Network executives told her to drop weight quickly for her '90s sitcom.

Comedian and actor Margaret Cho has survived a lot, including sexual abuse, addiction, and disordered eating. And she's been open about all of it in her standup comedy and books, as well as in interviews. One harrowing story from the now-54-year-old comes from the time when she was working on her short-lived sitcom All-American Girl in 1994. At the time, Cho was in her 20s, and her comedy career had taken off. The TV show was developed based on her standup routine and thus loosely autobiographical. But, before filming the series, the star was told to lose weight, which she did in a way that was so drastic that she went into kidney failure on the set.

Cho has since looked back on that time period and talked about how her body image has improved in the years since. She's also reflected on how this and other weight loss attempts caused serious health issues for her. Read on to find out more.

READ THIS NEXT: Charlize Theron Says a Producer Once Called Her at 3 a.m. to Say She Was "Fat and Ugly".

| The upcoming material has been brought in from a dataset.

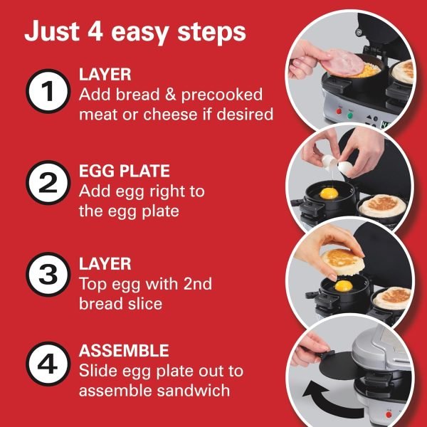 Simply 1) add bread and precooked meat or cheese to the bottom cooking plate. 2) Crack an egg into the upper egg plate; then 3) layer the second piece of bread on top of the egg and close the lid. 4) Once your sandwich is done cooking, just slide the egg plate out to assemble the sandwich.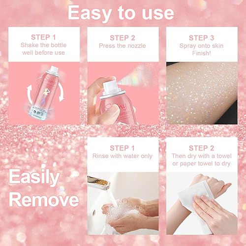 Glitter Body Spray - The delicate and light glitter shimmer Powder easily to spray on hair, eyes, face, body, leg and clothing with shimmer makeup effect. Perfect to enhance skin gloss, unlock and set your shimmer makeup.

TV executives told Cho to lose weight.

Margaret Cho at the Comedy Hall of Fame Induction Ceremony in 1994
Vinnie Zuffante/Michael Ochs Archives/Getty Images

All-American Girl was a big break for Cho, but before production began, network executives told Cho she should lose weight. According to a 2021 interview with The Guardian, Cho lost 30 pounds in two weeks and experienced kidney failure on set. The article also notes that she later became addicted to weight-loss pills.

"I have a lot of regret," Cho told The Guardian of that time in her life, "because I did not appreciate how beautiful I was. I just thought I was fat and ugly and I was so angry about the way I looked."

In her 2001 book, I'm the One That I Want, Cho wrote about learning that she was in kidney failure after urinating blood in her on-set trailer. She said she was "embarrassed," so she found a way to get the hospital without everyone knowing.

"Through diet and exercise and sheer terror, I lost 30 pounds in two weeks," she said. "I got sick, big sick. My kidneys collapsed."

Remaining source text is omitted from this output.